If we take any $2$ subsets of $2$ elements, their union will be either a $3$-element subset or a $4$-element subset. $\binom {n}{2}$ is the number of $2$-element subset. We can choose $2$ of them in $\binom {\binom {n}{2}}{2}$ ways. But we will get each of $3$ or $4$- element subsets for $3$ times if we count this way. For example a $3$ element subset $\{a,b,c\}$ can be obtained by $\{a,b\} \cup \{b,c\}$ or $\{c,a\} \cup \{b,c\}$ or $\{a,b\} \cup \{c,a\}$.
A $4$-element subset $\{a,b,c,d\}$ can also be obtained by $\{a,b\} \cup \{c,d\}$ or $\{a,c\} \cup \{b,d\}$ or $\{a,d\} \cup \{b,c,\}$.

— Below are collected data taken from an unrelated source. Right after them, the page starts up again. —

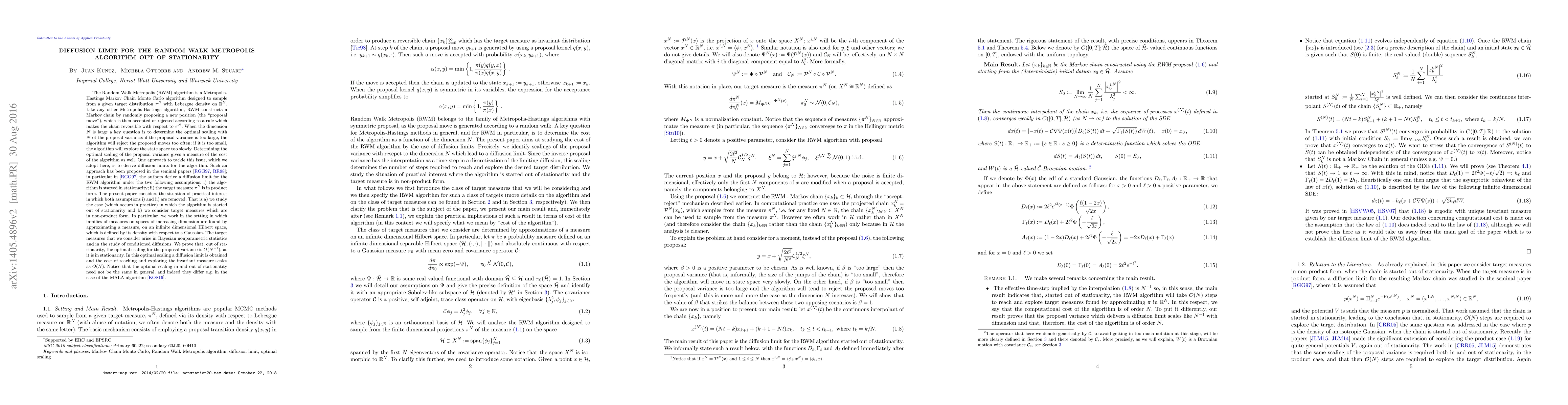 The Random Walk Metropolis (RWM) algorithm is a Metropolis- Hastings MCMC algorithm designed to sample from a given target distribution \pi with Lebesgue density on R^N. RWM constructs a Markov chain by randomly proposing a new position (the "proposal move"), which is then accepted or rejected according to a rule which makes the chain reversible with respect to \pi. When the dimension N is large a key question is to determine the optimal scaling with N of the proposal variance: if the proposal variance is too large, the algorithm will reject the proposed moves too often; if it is too small, the algorithm will explore the state space too slowly. Determining the optimal scaling of the proposal variance gives a measure of the cost of the algorithm as well. One approach to tackle this issue, which we adopt here, is to derive diffusion limits for the algorithm. Such an approach has been proposed in the seminal papers [RGG97, RR98]; in particular in [RGG97] the authors derive a diffusion limit for the RWM algorithm under the two following assumptions: i) the algorithm is started in stationarity; ii) the target measure $\pi$ is in product form. The present paper considers the situation of practical interest in which both assumptions i) and ii) are removed. That is a) we study the case (which occurs in practice) in which the algorithm is started out of stationarity and b) we consider target measures which are in non-product form. The target measures that we consider arise in Bayesian nonparametric statistics and in the study of conditioned diffusions. We prove that, out of stationarity, the optimal scaling for the proposal variance is O(N), as it is in stationarity. Notice that the optimal scaling in and out of stationatity need not be the same in general, and indeed they differ e.g. in the case of the MALA algorithm [KOS16].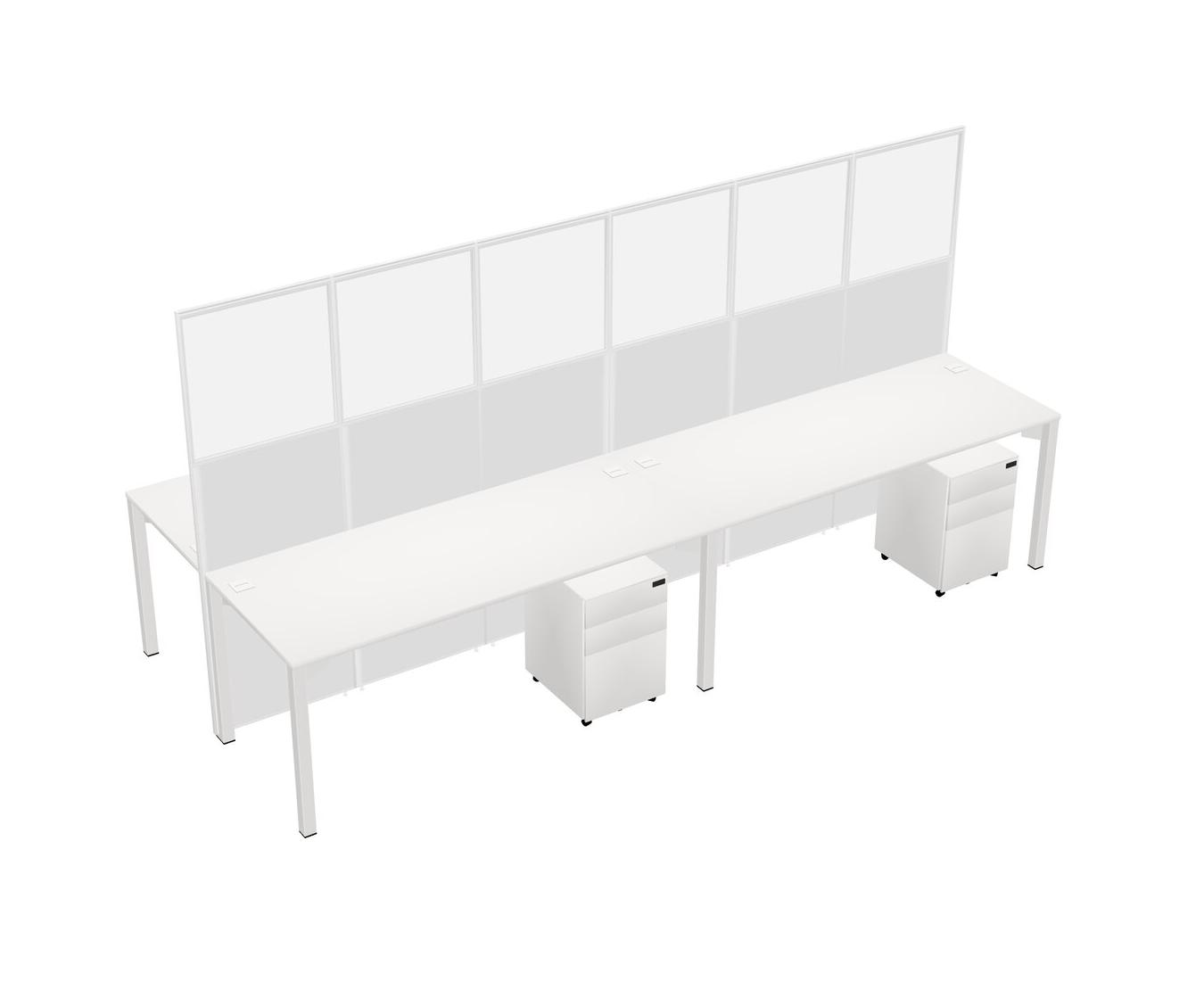 White Shared Rectangular Office Cubicle Panel System With Mobile Drawers For 4 Persons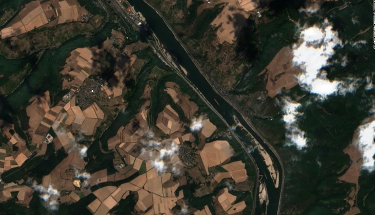 Sông Rhine có nhiều đồng hồ đo khác nhau trên đường đi, trong đó có đồng hồ đo mực nước cả ở Kaub, ngay phía tây Frankfurt, Đức. Nơi đây, mực nước đã xuống thấp tới 32 cm. Các công ty vận tải thường coi mực nước dưới 40cm trên sông Rhine là quá thấp. Tại Kaub, mực nước dưới 75cm thường có nghĩa là tàu container phải giảm tải xuống khoảng 30%. Mực nước thấp cũng có nghĩa là các công ty phải trả phí cao hơn để vượt sông. Tất cả những yếu tố này làm cho việc vận chuyển trở nên đắt đỏ hơn và chi phí thường do người tiêu dùng gánh chịu.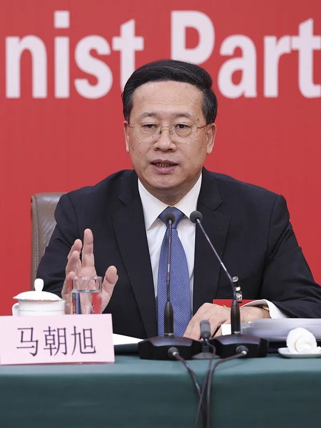 圖為馬朝旭在記者招待會(huì)上。新華社記者張玉薇 攝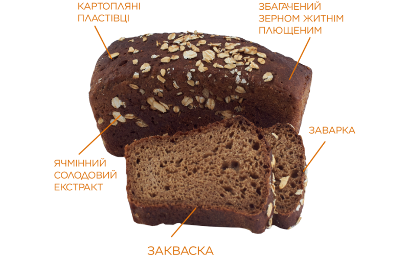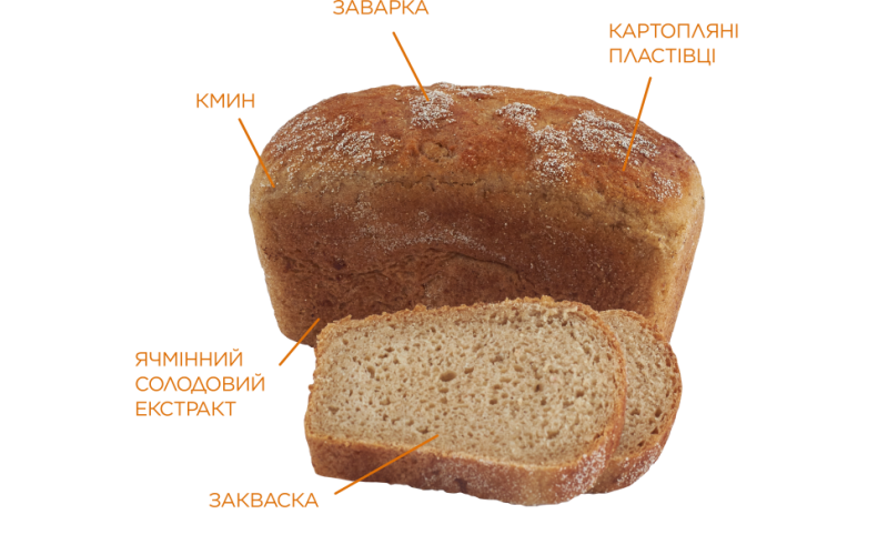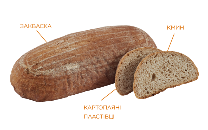 На українському столі хліб і страви з картоплі завжди займали особливе місце, саме тому ми створили хліб який об’єднує наші гастрономічні традиції. Особливий житньо-пшеничний хліб, виготовлений на заквасці з додаванням картопляних пластівців та картопляного пюре. Він має приємний житній смак, доповнений пряними нотками кмину.

So, $\binom {\binom {n}{2}}{2} = 3m$ ... $(1)$
Now, add an extra element in set $A$ called 'Zzzz'. Now choose a $4$-element subset of this new set. We can do this in $\binom {n+1}{4}$ ways. If 'Zzzz' is in the set then we will consider it as 'nothing' and it will be a $3$-element subset of $A$. If 'Zzzz' isn't there then it will be a $4$-element subset of $A$.
So, $m= \binom {n+1}{4}$
From $(1)$, $\binom{ \binom{n}{2} }{2}=3\cdot \binom{n+1}{4}$
গল্পটা কি বেশি গাঁজাখুরি হইল ?